> **INFORMATION SUPPLIED**:
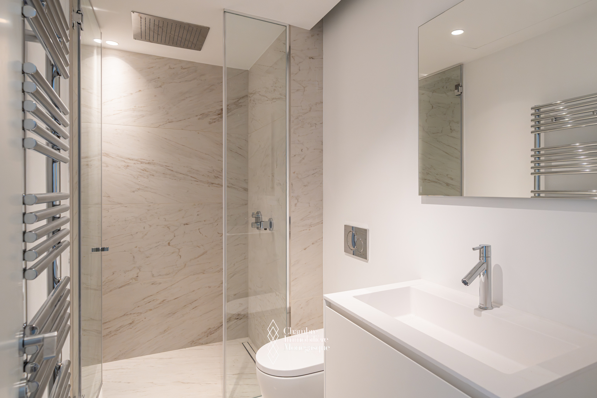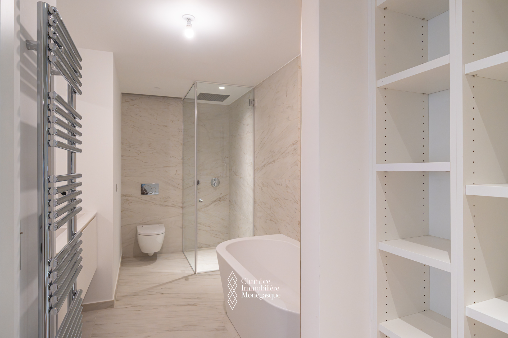 Situé au 2ème étage, ce trois pièces d'une surface habitable de 129.35 m² et de 41,26 m² de terrasse bénéficie de luxueuses finitions.
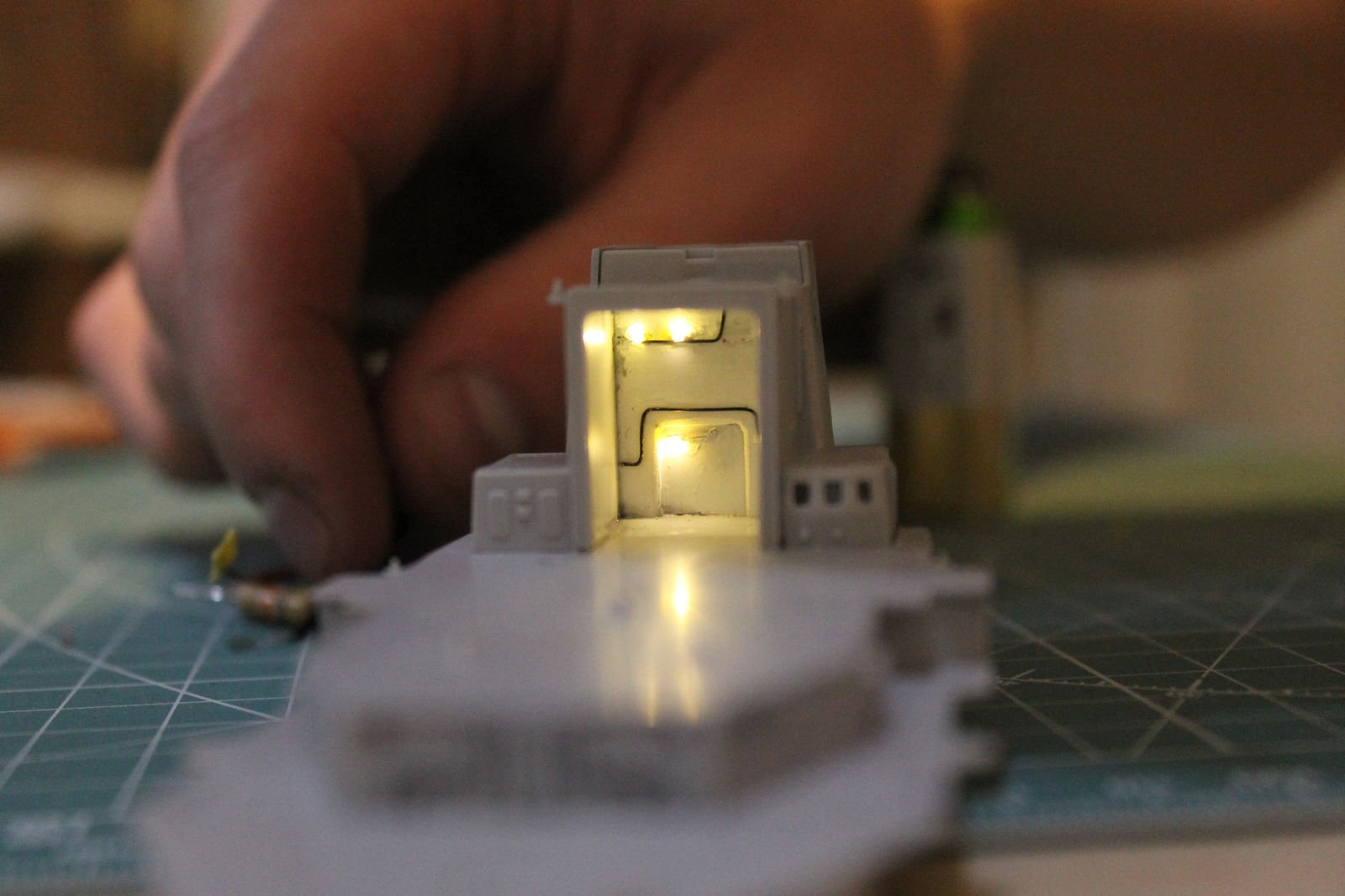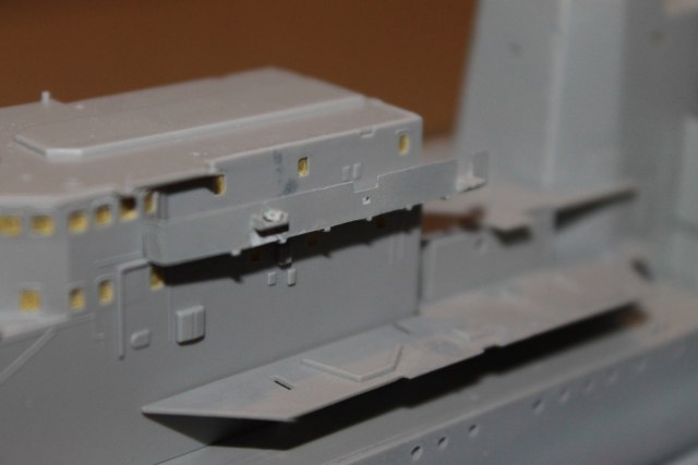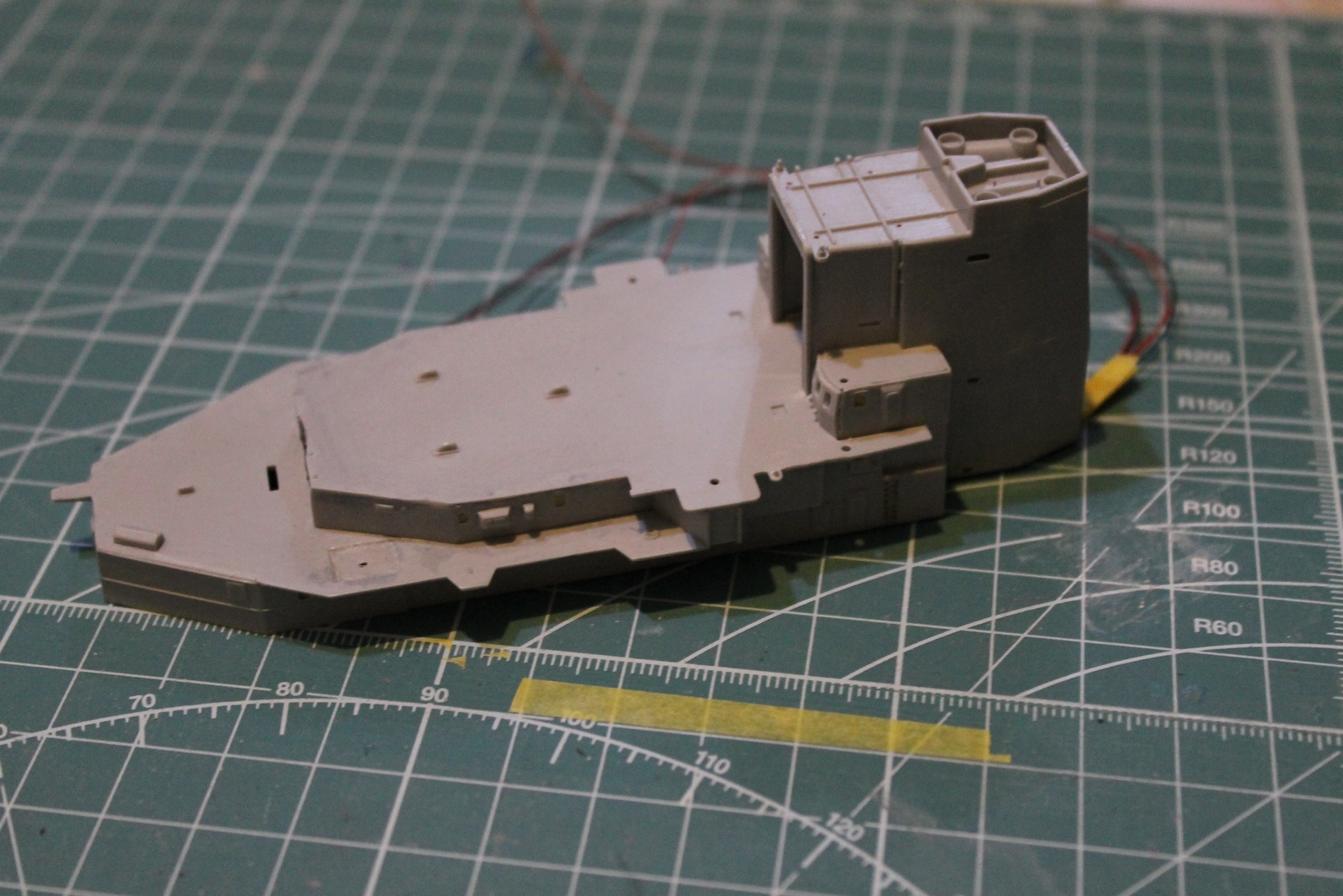 Вчерновую собрал кормовую надстройку и ,основываясь на фотографиях Сергея, приступил к формированию интерьера ангара (благо он вроде бы не особо сложный). Естественно с внутренним освещением. Как только закончу с ним, планирую, делать мачту, размещать оставшиеся 2-3 огня (топовый, кормовой и возможо кильватерный) приклеивать надстройки к палубе, размещать всю проводку под корпусом и вклеивать все это хозяйство в корпус.
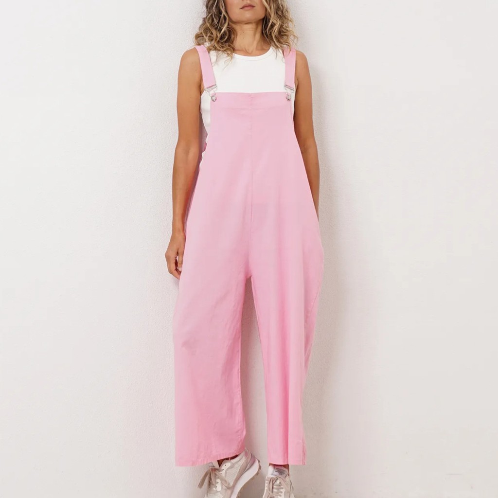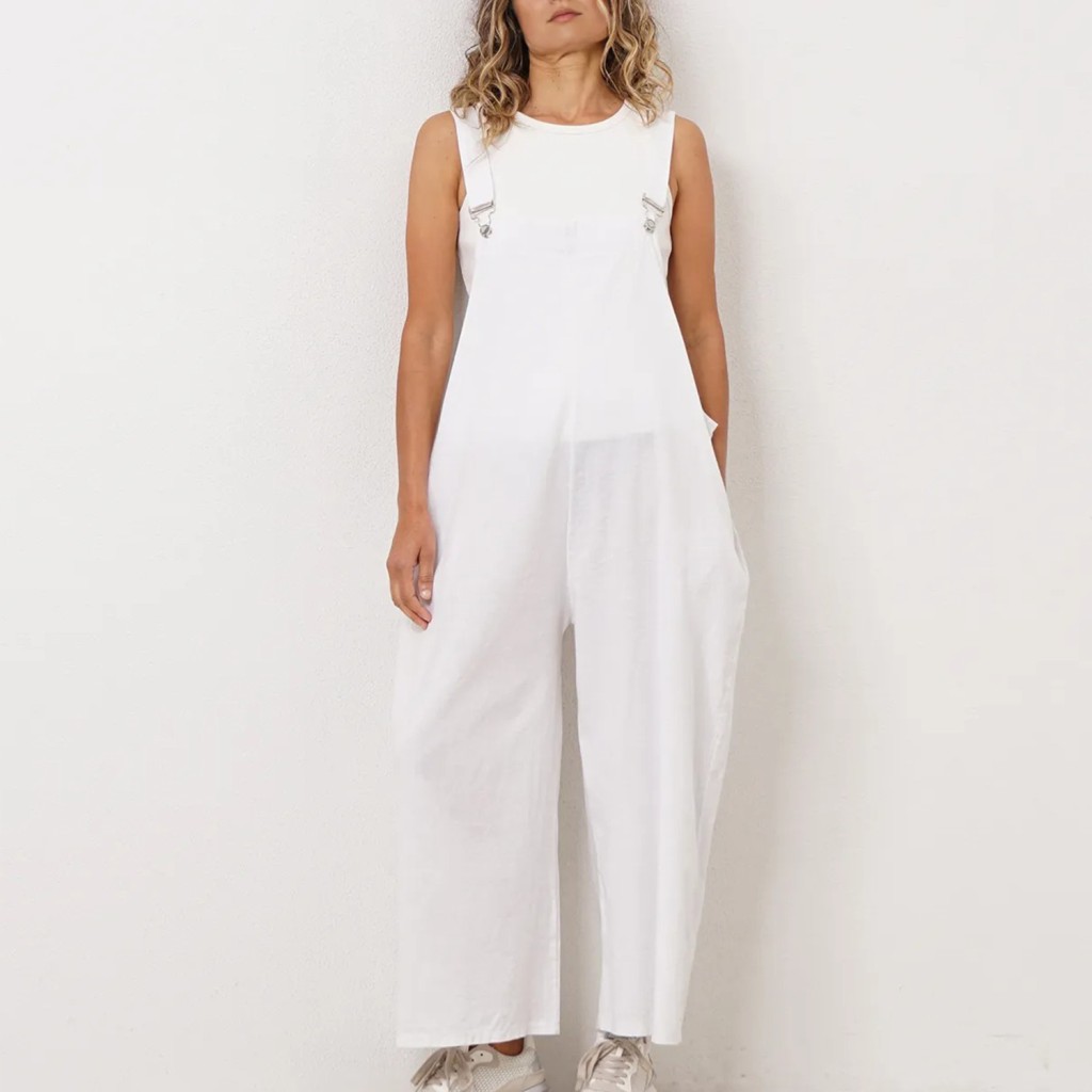 Oversized cotton mesh overalls

> **ACTION ITEM**: The answer should contain all the material above, copied exactly, and no images.

> **TASK SOLUTION**:
 Situé au 2ème étage, ce trois pièces d'une surface habitable de 129.35 m² et de 41,26 m² de terrasse bénéficie de luxueuses finitions.
 Вчерновую собрал кормовую надстройку и ,основываясь на фотографиях Сергея, приступил к формированию интерьера ангара (благо он вроде бы не особо сложный). Естественно с внутренним освещением. Как только закончу с ним, планирую, делать мачту, размещать оставшиеся 2-3 огня (топовый, кормовой и возможо кильватерный) приклеивать надстройки к палубе, размещать всю проводку под корпусом и вклеивать все это хозяйство в корпус.
 Oversized cotton mesh overalls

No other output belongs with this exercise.